This is the full command, provided an input video file, named vinput.mp4, and an audio file, named ainput.wav:
ffmpeg -y -i vinput.mp4 -i ainput.wav -filter_complex "\
[1:a]aloop=-1:2e+09[aloop];\
[aloop]aformat=channel_layouts=mono,atrim=end=2[atrim];\
[atrim]adelay=2000[afinal];\
[afinal]afade=t=out:st=3.5:d=0.5[afinal]" \
-shortest -map "[afinal]" -map 0:v output.mp4
Below is the explanation of each step:
[1:a]aloop=-1:2e+09[aloop]
Will loop my audio an infinite number of times (-1), and repeat the maximum number of frames possible (2e+09) (I didn't find a way t tell the command to just repeat the audio in full...
[aloop]aformat=channel_layouts=mono,atrim=end=2[atrim]
This takes the looped audio from the previous instruction (aloop) and mainly trims it to last only 2 seconds.
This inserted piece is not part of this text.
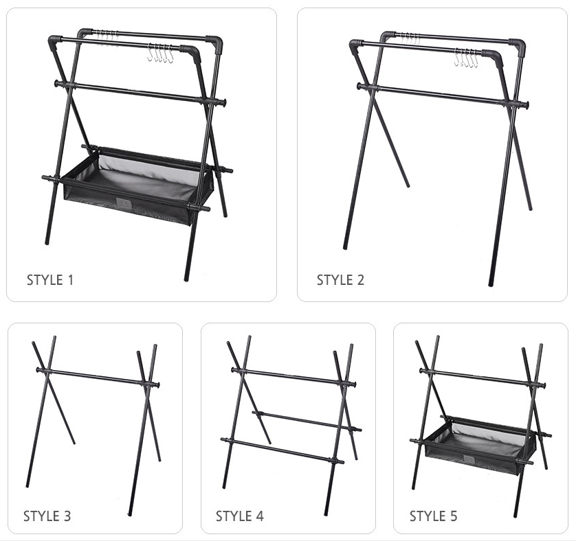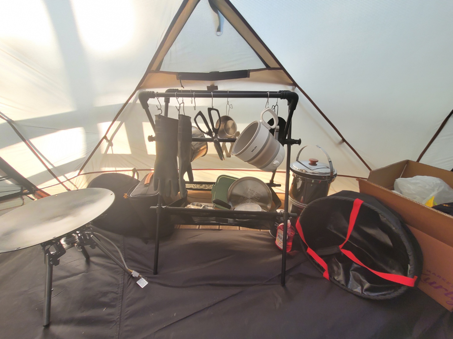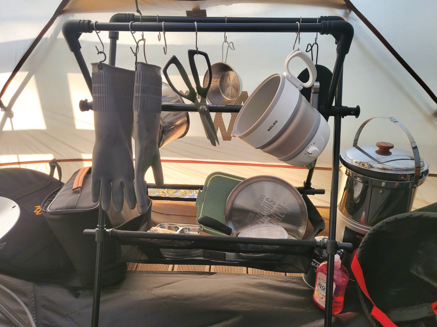 그래서 어렵게 타협해서 구매한 제품이 스틸로 된 선반이었어요. 올블랙 텐트에 어울리게 2단 스틸 쉘프를 들고 다녔는데 이건 부피는 작은데 무게가 장난 아니게 무겁더라고요. 젖은 물건들을 올려놔도 우드 제품은 썩거나 뒤틀릴 수 있는데 이건 스텔 제품이라 썩을 일도 없고 뜨거운 물건을 막 올려놔도 좋았고요. 그렇지만 무게에서 압박이 있었어요. 물건들을 늘어놓으면 사용할 때 좋다고 추천받은 거였는데 오히려 그게 짐이 되더라고요. 큰 공간을 만들 수가 없으면 가지고 있는 제품들을 줄여야 되는데 결론은 하나였어요.

[atrim]adelay=2000[afinal]
This will delay the start of the audio by 2000 miliseconds (2 seconds), making it start playing at the second second of the video.
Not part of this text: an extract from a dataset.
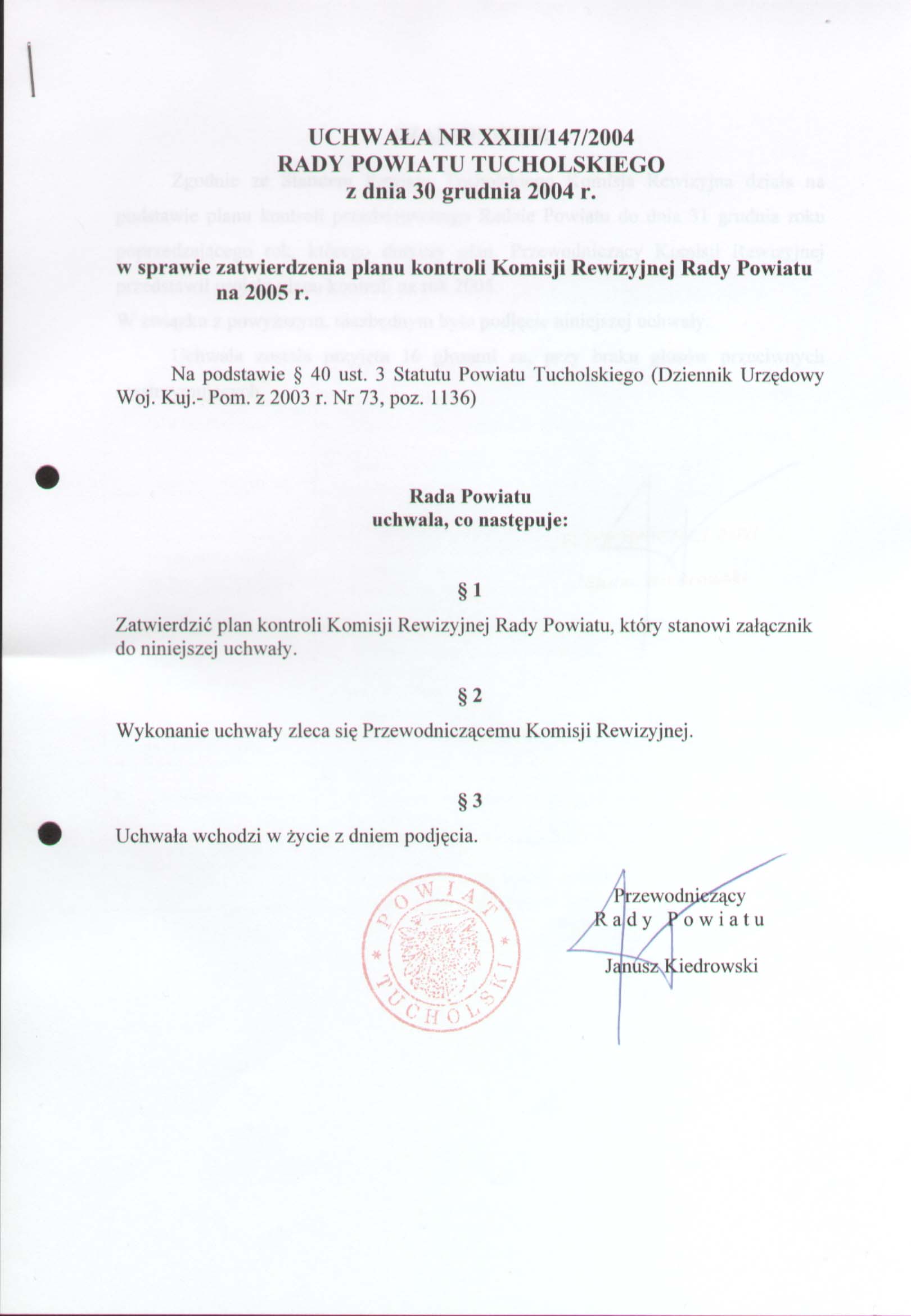 w sprawie zatwierdzenia planu kontroli Komisji Rewizyjnej na 2005 r.

[afinal]afade=t=out:st=3.5:d=0.5[afinal]
This will fade out our audio, starting the fade out on the 4th second of the video, and making the fadeout last for 0.5 seconds, meanind the sound will fade out from second 3.5 to 4.
-shortest
Since we have an audio stream that is being repeated indefinitely, we need to tell ffmpeg when to stop the encoding, this is done by the tag, which tells ffmpeg that we expect out final result to last as long as the shortest input it received (in out case, the video input).
-map "[afinal]" -map 0:v
As Samuel Williams kindly pointed out in his answer, this option instructs ffmpeg what streams we want to copy to the output generated, in this case, we want to have both the final audio (afinal) and the source video stream (0:v).